T h e e y e i n t h e e y e o f t h e s t o r m
In the beginning of this year I received one of
those e-mails that make your day!
Lady Lazarus,
an enchanting musician from Savanna, Georgia was telling me that
she likes my work and asked me if I
would be interested in creating a video for one
of her songs. Listening to her
music
made the decission very easy.

LADY LAZARUS "THE EYE IN
THE EYE OF THE STORM" >>>
http://www.myspace.com/ladylazarusintheory
As a visual artist, I usually work on site-specific projects. I see a space, and then
relating to it, I create a piece.
Making a music video is different and absolutely new
for me—in my way of working
it’s unusual to start with something
that’s not visual, and it was very surprising that
Melissa’s music immediately created such
strong images in me. The very difference
here is that a song gives such a strong frame:
time.
From our very first interaction, I felt a connection
with Melissa; the moment she wrote
to me — the circumstances I was in, the song
we both picked, even being over-the-Atlantic
— everything felt close, intimate, even
comforting. So it didn’t surprise me much that
I could easily combine old material and, for me very
personal video material, with new
sequences I filmed after I was listening to her
songs. Everything fit together, and killed
time and space, and for a while I became the
“eye in the eye of the storm.”
Katherina Lackner
r e v i e w s
We floated first. Suspended, upside down in the way babies prefer to float in that
inland sea alone. We couldn't
tell at first, but the moontide push and pull of our first
liquid homes was our first
cradle. Gently rocking us back and forth before we emerged
through latex and fluorescent
lights, dry-docked and landlocked. Our desire for the
comforting, circular rock can be
found in the way we can never walk in a straight line.

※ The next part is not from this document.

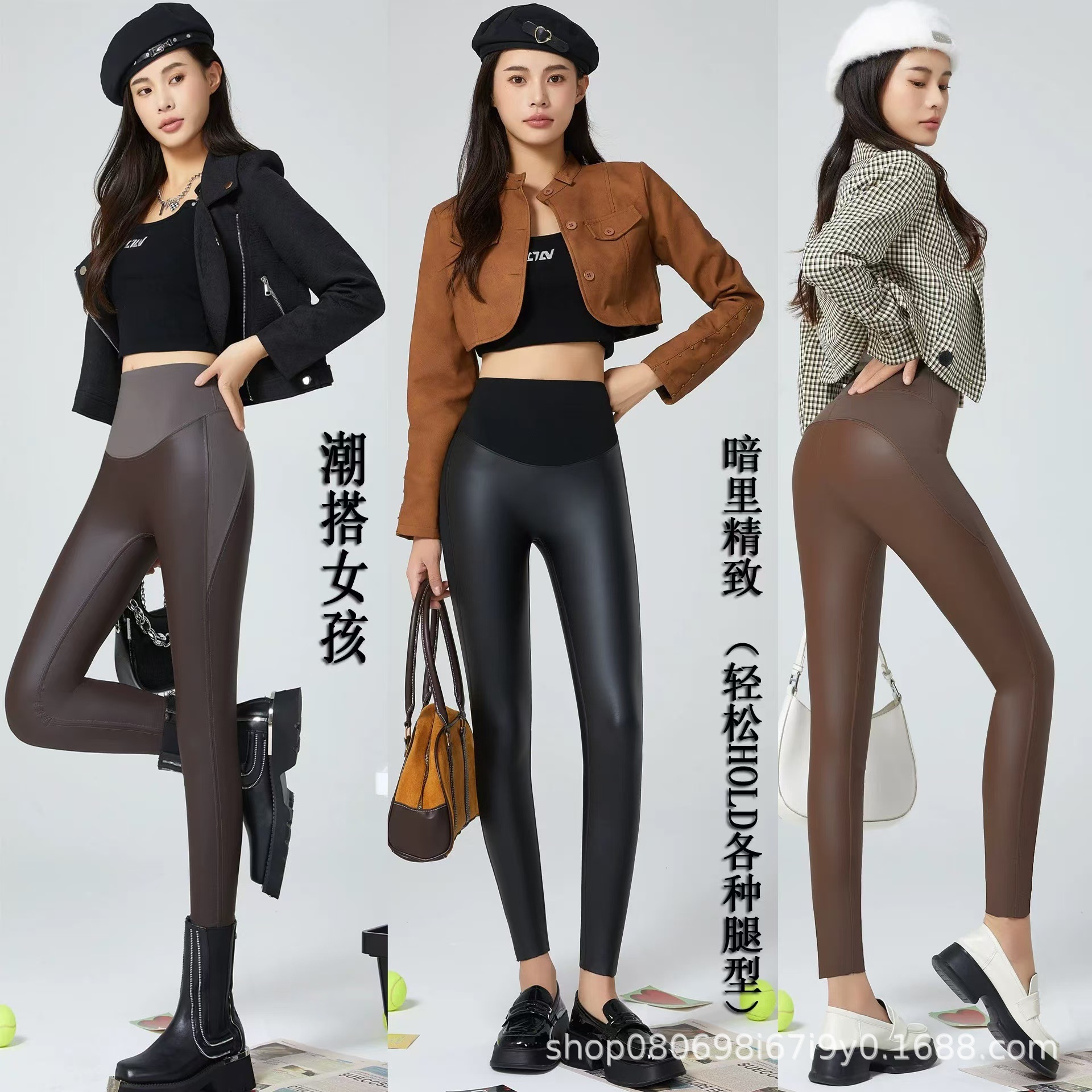 革ズボンの女性は秋冬にベルベットを着て腰の高いレギンスを厚くして痩せている防風防水足pu長ズボンを着ている

Always doubling back on the place
we once were like returning to the womb. The way,
when we find ourselves in the
agoraphobic expanse, we keep our circles tight.
The tighter the safer, like we remember ourselves floating in uterine sea.
The pairing of Lady Lazarus's
looped piano drone and Katherina Lackner's study of circular
motion as social and individual
human nature is one of the most beautiful videos I have seen this year.